Collected data:
========================================================================

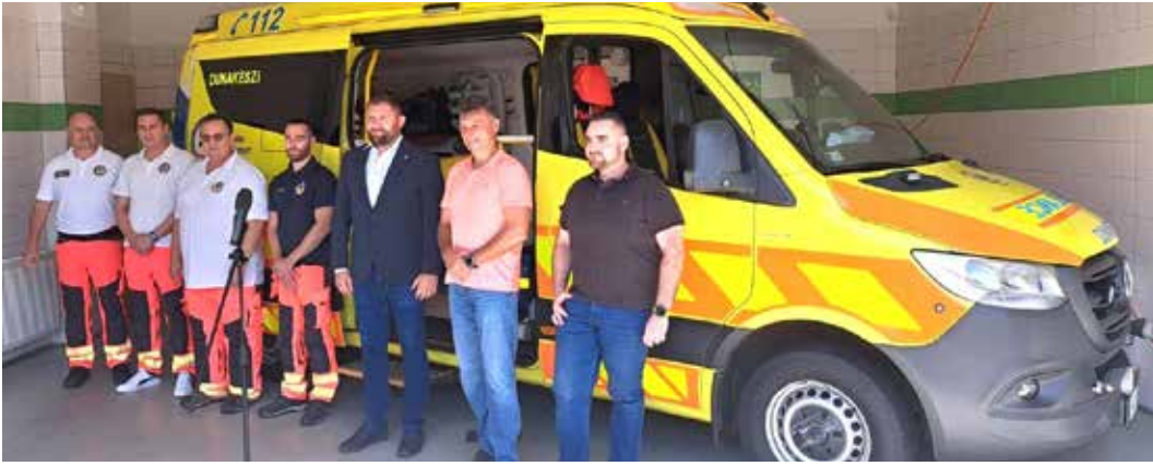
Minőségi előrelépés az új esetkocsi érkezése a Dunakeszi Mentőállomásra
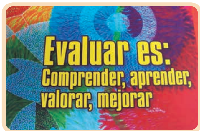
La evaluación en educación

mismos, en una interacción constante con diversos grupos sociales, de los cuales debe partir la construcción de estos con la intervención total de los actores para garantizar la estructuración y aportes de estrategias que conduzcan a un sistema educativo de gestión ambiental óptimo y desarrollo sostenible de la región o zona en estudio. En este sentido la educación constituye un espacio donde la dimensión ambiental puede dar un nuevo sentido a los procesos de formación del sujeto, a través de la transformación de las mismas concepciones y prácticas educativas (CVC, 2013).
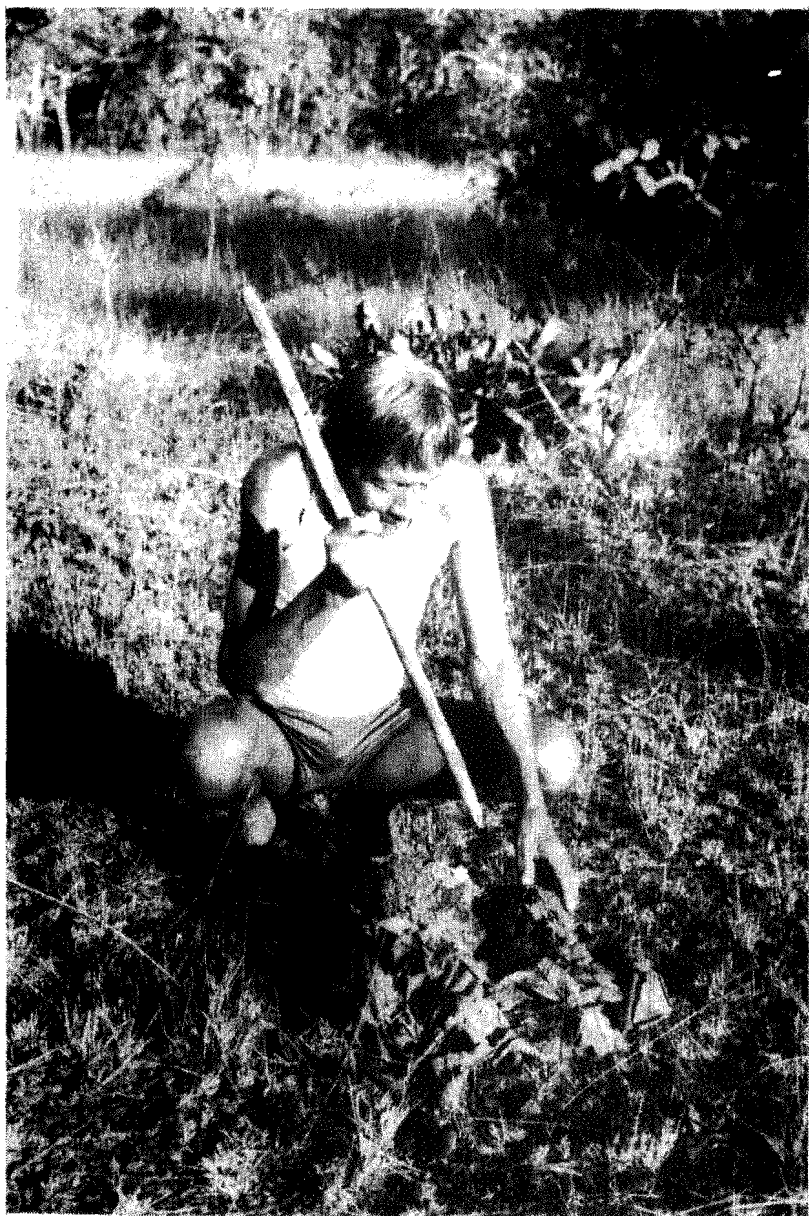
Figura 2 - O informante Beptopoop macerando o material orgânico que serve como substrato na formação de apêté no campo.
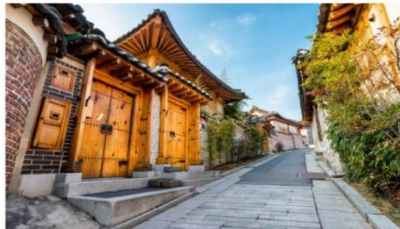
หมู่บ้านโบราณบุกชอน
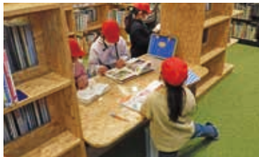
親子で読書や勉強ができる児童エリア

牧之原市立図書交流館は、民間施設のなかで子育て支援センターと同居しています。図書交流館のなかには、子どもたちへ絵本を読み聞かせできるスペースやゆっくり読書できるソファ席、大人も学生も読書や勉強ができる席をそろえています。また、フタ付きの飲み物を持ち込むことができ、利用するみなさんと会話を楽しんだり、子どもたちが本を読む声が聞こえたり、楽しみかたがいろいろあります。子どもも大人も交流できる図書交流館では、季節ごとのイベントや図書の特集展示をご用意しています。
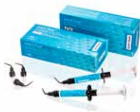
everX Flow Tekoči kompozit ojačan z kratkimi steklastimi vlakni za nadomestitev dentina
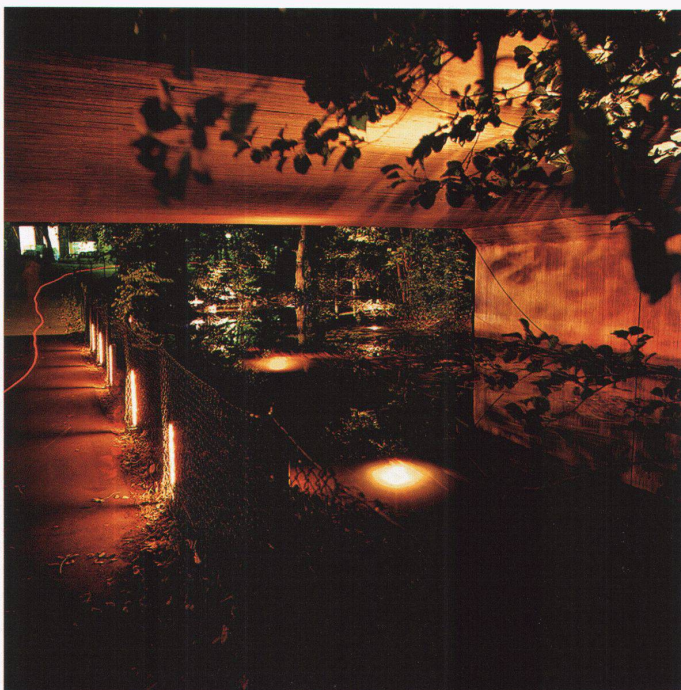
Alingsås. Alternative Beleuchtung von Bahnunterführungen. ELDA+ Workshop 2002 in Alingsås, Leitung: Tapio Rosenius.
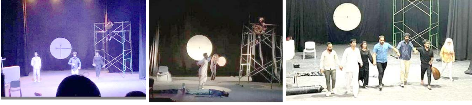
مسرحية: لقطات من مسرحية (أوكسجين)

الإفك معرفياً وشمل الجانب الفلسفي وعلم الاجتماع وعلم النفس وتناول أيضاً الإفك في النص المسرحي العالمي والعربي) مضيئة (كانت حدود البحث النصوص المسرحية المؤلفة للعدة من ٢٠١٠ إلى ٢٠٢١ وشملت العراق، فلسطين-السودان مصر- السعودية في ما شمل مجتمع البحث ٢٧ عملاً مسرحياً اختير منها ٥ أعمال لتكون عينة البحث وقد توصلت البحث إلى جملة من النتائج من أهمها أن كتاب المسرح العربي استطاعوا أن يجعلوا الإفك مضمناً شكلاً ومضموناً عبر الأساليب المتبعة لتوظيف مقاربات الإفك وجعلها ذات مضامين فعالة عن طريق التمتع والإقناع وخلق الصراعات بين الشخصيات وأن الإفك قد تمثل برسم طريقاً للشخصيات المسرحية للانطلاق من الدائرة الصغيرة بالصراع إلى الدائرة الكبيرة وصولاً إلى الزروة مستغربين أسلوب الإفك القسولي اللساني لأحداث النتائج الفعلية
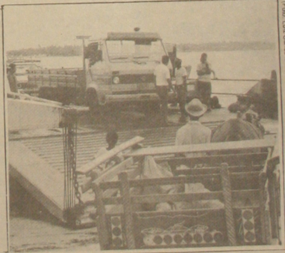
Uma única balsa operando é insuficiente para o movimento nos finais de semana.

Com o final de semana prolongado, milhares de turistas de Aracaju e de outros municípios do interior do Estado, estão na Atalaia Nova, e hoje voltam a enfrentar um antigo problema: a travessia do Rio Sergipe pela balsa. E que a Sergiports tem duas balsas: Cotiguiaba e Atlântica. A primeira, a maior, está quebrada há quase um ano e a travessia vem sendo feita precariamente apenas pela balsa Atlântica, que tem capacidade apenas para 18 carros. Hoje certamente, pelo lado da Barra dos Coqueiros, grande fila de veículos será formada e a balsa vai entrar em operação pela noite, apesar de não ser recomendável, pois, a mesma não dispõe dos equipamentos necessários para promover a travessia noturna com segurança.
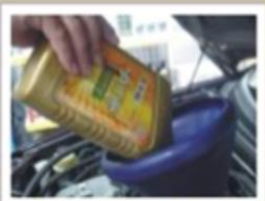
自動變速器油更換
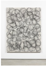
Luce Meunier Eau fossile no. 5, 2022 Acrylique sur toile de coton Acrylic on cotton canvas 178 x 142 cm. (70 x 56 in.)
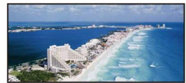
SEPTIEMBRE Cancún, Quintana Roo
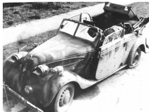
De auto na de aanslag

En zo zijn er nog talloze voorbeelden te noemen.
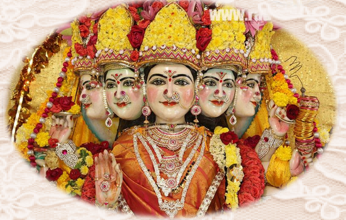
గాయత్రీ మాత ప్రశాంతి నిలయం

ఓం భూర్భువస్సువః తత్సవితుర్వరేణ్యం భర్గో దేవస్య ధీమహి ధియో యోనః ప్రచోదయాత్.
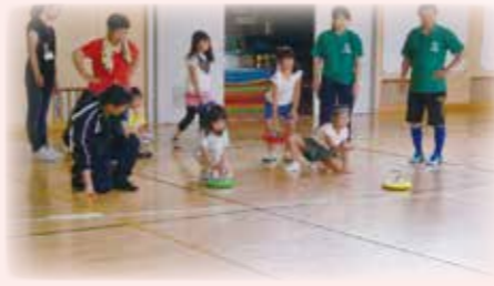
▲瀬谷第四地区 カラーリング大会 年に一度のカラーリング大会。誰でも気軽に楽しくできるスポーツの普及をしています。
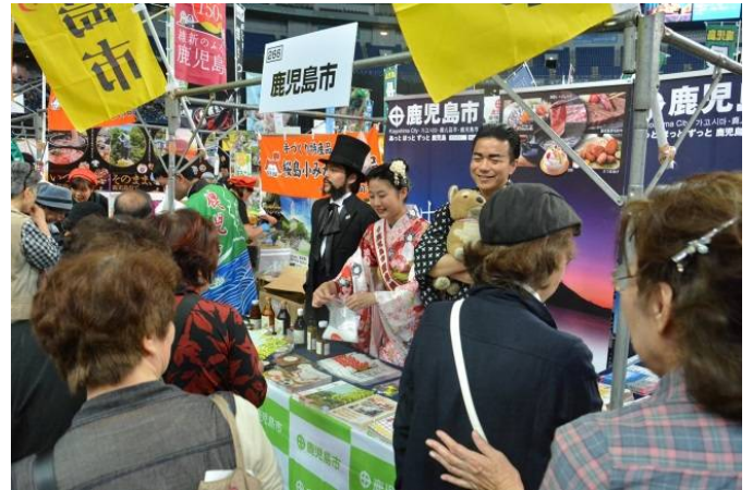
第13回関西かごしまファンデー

========================================================================

* **What to work on**
When a line among the entries contains "balsa", pull that line out.

* **Solution below**
Uma única balsa operando é insuficiente para o movimento nos finais de semana.
Com o final de semana prolongado, milhares de turistas de Aracaju e de outros municípios do interior do Estado, estão na Atalaia Nova, e hoje voltam a enfrentar um antigo problema: a travessia do Rio Sergipe pela balsa. E que a Sergiports tem duas balsas: Cotiguiaba e Atlântica. A primeira, a maior, está quebrada há quase um ano e a travessia vem sendo feita precariamente apenas pela balsa Atlântica, que tem capacidade apenas para 18 carros. Hoje certamente, pelo lado da Barra dos Coqueiros, grande fila de veículos será formada e a balsa vai entrar em operação pela noite, apesar de não ser recomendável, pois, a mesma não dispõe dos equipamentos necessários para promover a travessia noturna com segurança.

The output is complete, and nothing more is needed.